Nenhuma perda confirmada da própria divisão da cadeia foi relatada até 10 de agosto. No entanto, o fork criou risco de ataque de replay porque o BIP-110 não incluía proteção contra replay. Qualquer transação transmitida em uma cadeia poderia potencialmente ser repetida na outra. Operadores de nós e provedores de carteiras aconselharam os usuários a evitar transacionar na cadeia minoritária.
Por que Michael Saylor se opôs ao BIP-110?
Saylor argumentou que o valor do Bitcoin deriva de sua neutralidade, ou seja, qualquer transação válida que pague a taxa exigida deve ser processada sem discriminação. Ele publicou um ensaio de 110 pontos chamando a proposta de extremamente perigosa porque estabeleceria um precedente para rejeitar categorias específicas de transações, um poder que poderia ser expandido para censurar outros tipos de atividade do Bitcoin no futuro.
O que são Ordinals e por que são controversos?
Ordinals é um protocolo que atribui identificadores únicos a satoshis individuais, permitindo que os usuários inscrevam dados como imagens, texto ou código diretamente no blockchain do Bitcoin. Os críticos chamam isso de spam que incha a cadeia e aumenta as taxas. Os apoiadores argumentam que qualquer transação que pague a taxa exigida é uso legítimo do espaço de bloco do Bitcoin. Este debate é a base da disputa do BIP-110.
Como o BIP-110 se compara à guerra do tamanho do bloco?
A guerra do tamanho do bloco de 2015 a 2017 foi uma disputa sobre a filosofia de escalabilidade que durou dois anos e produziu o Bitcoin Cash como um fork permanente. O BIP-110 foi uma disputa sobre quais dados pertencem ao Bitcoin e foi resolvido em oito horas. Ambos envolveram uma minoria tentando forçar mudanças de consenso contra a objeção da maioria. A velocidade da resolução do BIP-110 sugere que os mecanismos de governança do Bitcoin amadureceram desde 2017.
O que acontece a seguir com a cadeia BIP-110?
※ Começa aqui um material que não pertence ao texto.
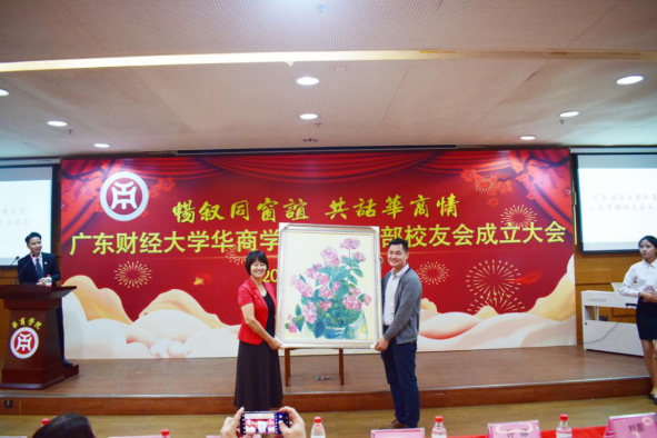 校友代表古文胜、刘秋梓、张晓媚分别向母校赠送《硕果累累》、《百花齐放》、《厚德载物》等纪念品,祝愿母校各项事业蒸蒸日上,为社会培养出更多优秀人才。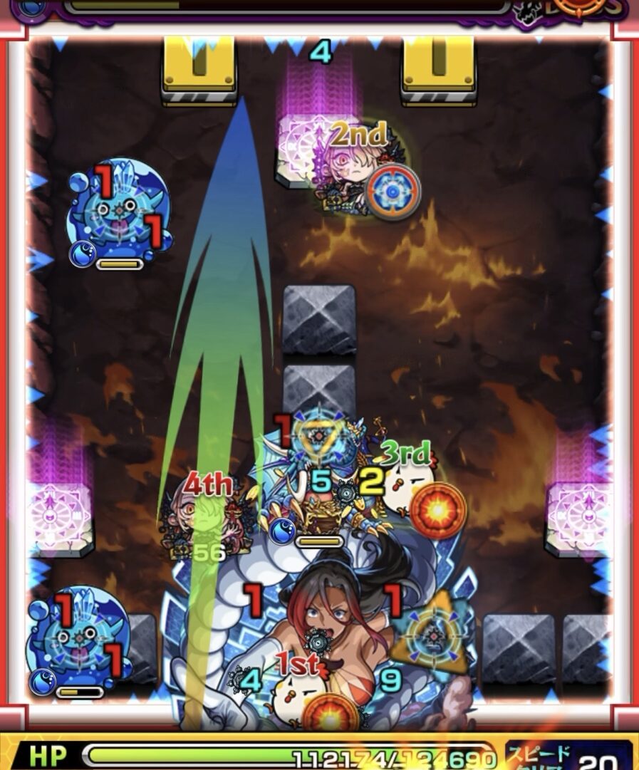 - 上壁から下壁へ反射し、上のエナジーコンテナを経由してエナジーを取得し、下のグロークランツの弱点を狙って攻撃しました。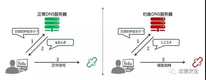 图中详细解释了域名劫持的整个过程,通过域名劫持黑客可让你访问他事先伪造好的钓鱼网站,来使你进行支付、输入信息等操作。
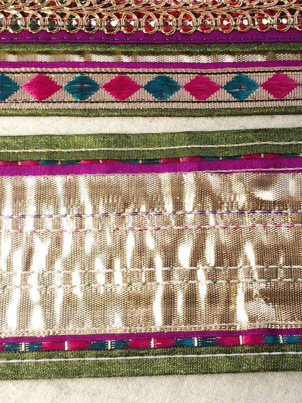 赤紫やカーキ、金色の組み合わせの幅広のテープです。
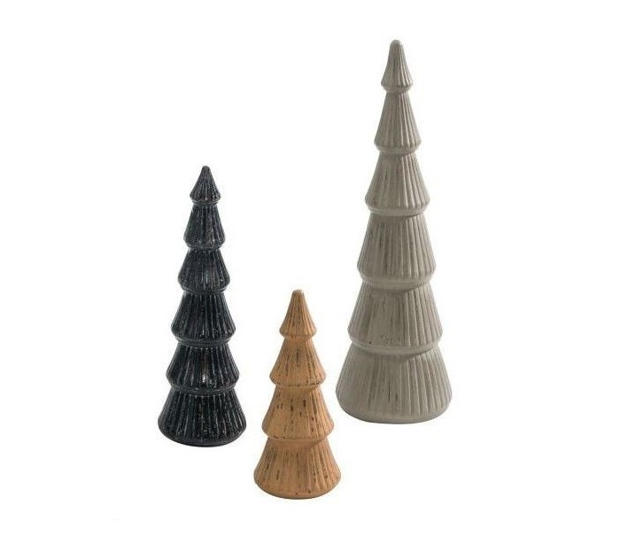 Sæt af 3 juletræer udført i et rustikt design og med en højde på cirka 24, 36 og 48 cm. En sæt der pynter på både reol og skænk.

Os apoiadores do BIP-110 anunciaram planos de retomar a mineração e potencialmente mudar o algoritmo de prova de trabalho, o que criaria uma criptomoeda funcionalmente separada. Nenhuma grande exchange listou a cadeia minoritária. Se uma mudança de prova de trabalho for implementada e as exchanges começarem a listá-la, o fork se torna uma divisão permanente. Se nenhuma das duas coisas acontecer, a cadeia provavelmente será abandonada.
Uma proposta anti-spam semelhante poderia ter sucesso no futuro?
Uma proposta futura visando dados não financeiros poderia teoricamente ter sucesso se reunisse suporte suficiente, mas o fracasso do BIP-110 eleva significativamente o padrão. Qualquer proposta semelhante precisaria abordar os argumentos de neutralidade, incluir proteção contra replay e demonstrar apoio bem acima do limite de 55% que o BIP-110 não conseguiu alcançar. A trajetória atual favorece a ossificação do protocolo em vez de mudanças contestadas. Esta é uma análise educacional, não um conselho de investimento.